6 min read

6 ways AI is transforming inbound email security

6 ways AI is transforming inbound email security

According to the UK's National Cyber Security Centre (NCSC), as reported in The Guardian, AI will "almost certainly" increase the volume of cyber-attacks and heighten their impact over the next two years. The NCSC warns that generative AI "lowers the barrier" for amateur cybercriminals by helping them create more convincing attacks without "translation, spelling or grammatical errors that tend to give away phishing attacks."

However, the same technology threatening email inboxes also provides the solution. As the NCSC notes, "AI would also work as a defensive tool, with the technology able to detect attacks and design more secure systems."

Read also: Understanding modern email attack vectors

 

1. Real-time phishing detection through behavioral analysis

Modern AI systems don't just scan for known threats, they analyze email behavior patterns in real-time. Machine learning algorithms examine sender behavior, communication patterns, and anomalies to identify suspicious emails before they reach your inbox.

Unlike traditional blacklists that only catch known threats, AI can detect zero-day phishing attacks by recognizing subtle deviations from normal behavior. For example, if an email claims to be from your CEO but originates from an unusual location or contains atypical language patterns, AI flags it, even if the sender's address appears legitimate.

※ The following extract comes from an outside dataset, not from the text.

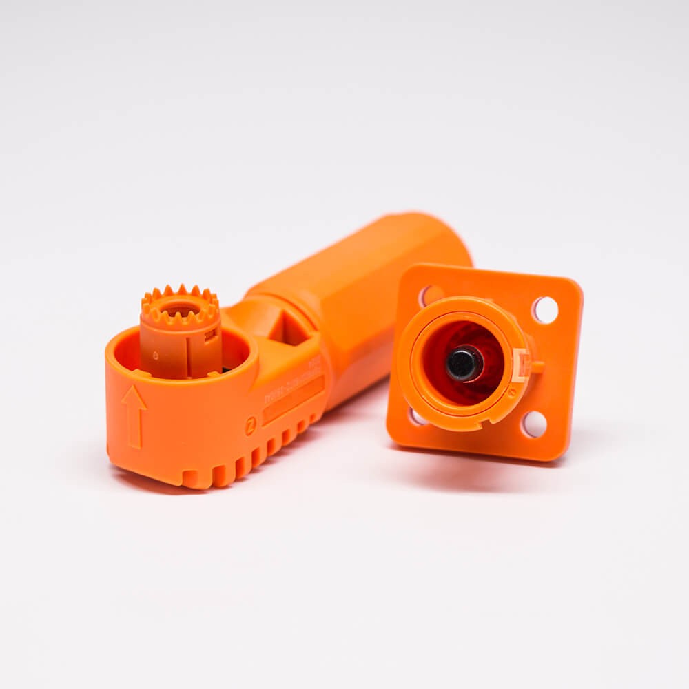 儲能電池連接器6mm橙色125A帶孔銅牌IP67防水彎式插頭插座

This capability is useful as attackers use AI themselves. The NCSC warns that "by 2025, generative AI and large language models will make it difficult for everyone, regardless of their level of cybersecurity understanding, to assess whether an email or password reset request is genuine, or to identify phishing, spoofing or social engineering attempts."

The threat is made worse by what researchers call "shadow AI", the unauthorized use of AI tools by employees. According to Paubox's report "Shadow AI is outpacing healthcare email security," 95% of organizations report staff are already using AI tools, yet 25% have not formally approved any staff AI email use. Furthermore, 62% have observed staff experimenting with ChatGPT or similar tools even though they're unsanctioned. As cybersecurity expert Limor Kessem notes in the Paubox report, "People tend to do it without thinking, just wanting to speed up their work ... you just uploaded a bunch of company data...and your security team does not know about this."

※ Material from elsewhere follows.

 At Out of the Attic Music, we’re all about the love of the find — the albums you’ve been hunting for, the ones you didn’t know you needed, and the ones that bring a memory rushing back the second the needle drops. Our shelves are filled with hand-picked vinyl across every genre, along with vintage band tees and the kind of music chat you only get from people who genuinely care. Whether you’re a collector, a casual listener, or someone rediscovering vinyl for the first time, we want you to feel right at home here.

Recent research has demonstrated the effectiveness of AI-powered approaches. According to "Machine Learning Approach for Email Phishing Detection" published in Procedia Computer Science, machine learning models can achieve detection accuracy rates exceeding 97%, with some models processing and classifying threats in less than one second. This is an improvement over traditional methods that can take minutes or hours to respond.

The research paper "Phishing Email Detection Using Inputs From Artificial Intelligence" further validates this approach by demonstrating that AI systems can identify 32 different "Weak Explainable Phishing Indicators (WEPI)" across multiple linguistic scopes from individual words to entire messages. This analysis allows detection of phishing emails that have evolved beyond simple keyword-based attacks, requiring systems that can analyze subtle linguistic cues and understand intent and tone.

 

2. Advanced natural language processing for content analysis

NLP algorithms analyze writing style, tone, vocabulary choices, and grammatical patterns to determine whether an email genuinely comes from the stated sender or represents an impersonation attempt. They can even detect subtle differences in how people typically write, catching sophisticated spear-phishing attempts that mimic specific individuals.

The study "Machine Learning Approach for Email Phishing Detection" confirms that sophisticated preprocessing techniques are essential for accurate detection. Researchers employed advanced NLP methods including tokenization, stopword removal, and stemming/lemmatization, combined with TF-IDF (Term Frequency-Inverse Document Frequency) vectorization to convert email text into analyzable patterns. These techniques enable AI systems to identify phishing attempts that would easily bypass traditional keyword-based filters.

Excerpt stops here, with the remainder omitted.